Antecedentes: La cafeína es el estimulante del sistema nervioso más consumido a nivel mundial. Aunque, la cafeína tiene diferentes efectos sobre las funciones cerebrales, poco se sabe acerca de su farmacocinética en el cerebro. Por ejemplo, la mayoría de estudios que evaluaron la distribución de cafeína en el cerebro de rata han medido niveles de cafeína en corteza y estriado, pero no en áreas cerebrales más específicas. Objetivo: El propósito del trabajo fue medir la concentración de cafeína en sangre y diferentes regiones encefálicas (corteza, estriado, hipocampo, cerebelo, tallo cerebral), a diferentes tiempos, después de administrar una única dosis de cafeína. Método: Ratas Wistar adultas (250-300 gr) recibieron una dosis intraperitoneal de cafeína de 30mg/Kg de peso. 20, 40 60 y 80 minutos después de la administración, los sujetos se sacrificaron por decapitación y se obtuvieron muestras de plasma, corteza cerebral, estriado, hipocampo, cerebelo y tallo cerebral. Los niveles de cafeína en plasma y estructuras encefálicas se determinaron por RP-HPLC y se realizó análisis estadístico. Resultados: Los niveles de cafeína fueron mayores en plasma que en las regiones encefálicas estudiadas. Las distintas regiones encefálicas presentaron concentraciones similares de cafeína. En todas las regiones, la mayor concentración de cafeína se obtuvo 40 minutos después de la administración de cafeína. Conclusiones: Este estudio soporta resultados previos que muestran concentraciones similares de cafeína entre la corteza y el estriado, además los extiende a otras regiones encefálicas.
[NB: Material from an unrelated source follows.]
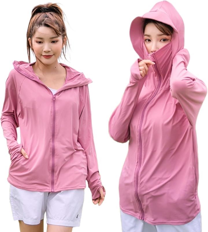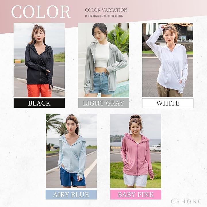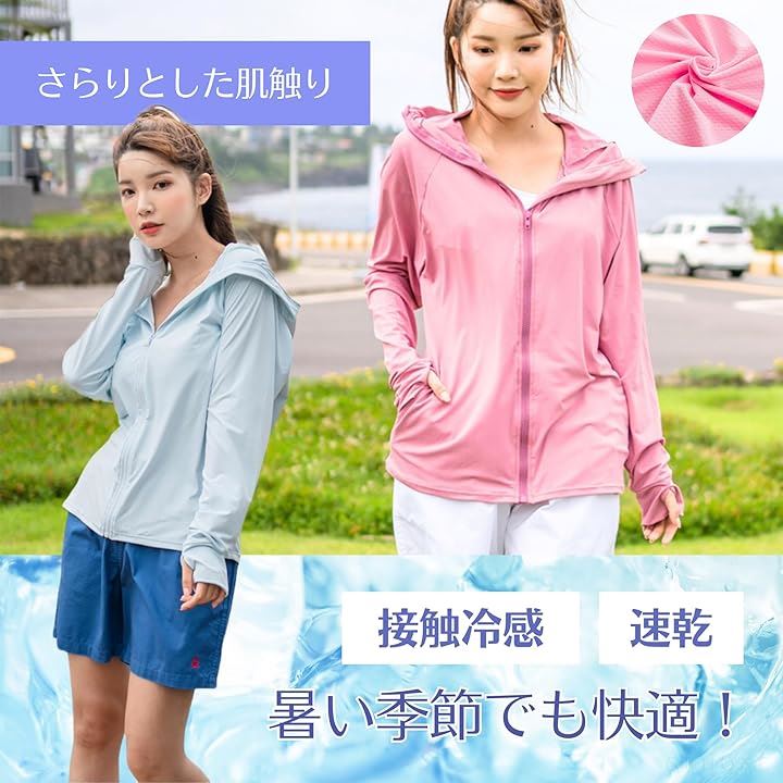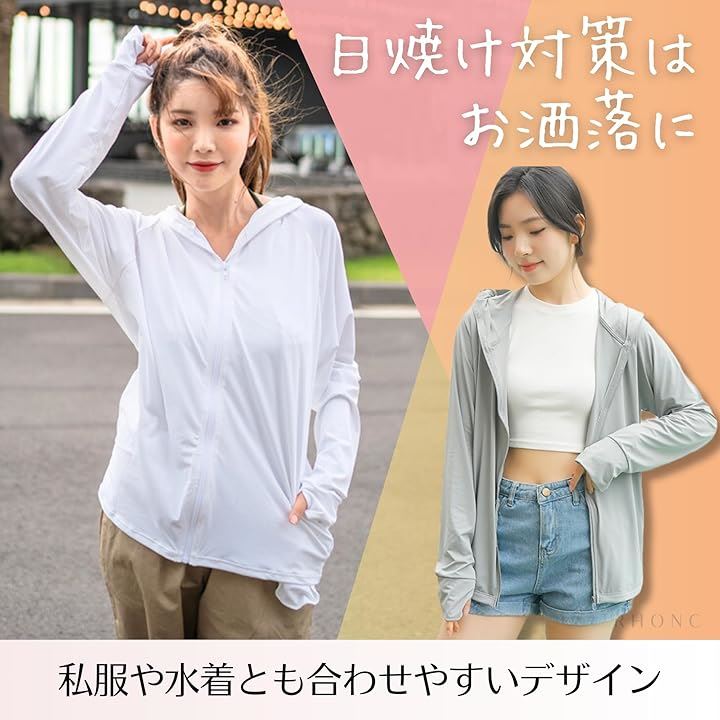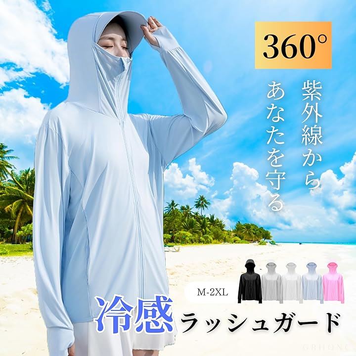[GRHONC] ラッシュガード レディース 水着 UVカット パーカー 長袖 つば付き 顔まで 速乾 冷感 通気性 体型カバー |

La concentración de cafeína aumenta similarmente en plasma y estructuras encefálicas. 40, 60 y 80 minutos después de la administración, la concentración de cafeína en plasma es casi el doble de la encontrada en el cerebro. Lo anterior sugiere que los efectos de la cafeína en distintas funciones cerebrales no dependen de diferencias farmacocinéticas entre regiones encefálicas sino que son más bien explicadas por factores farmacodinámicos.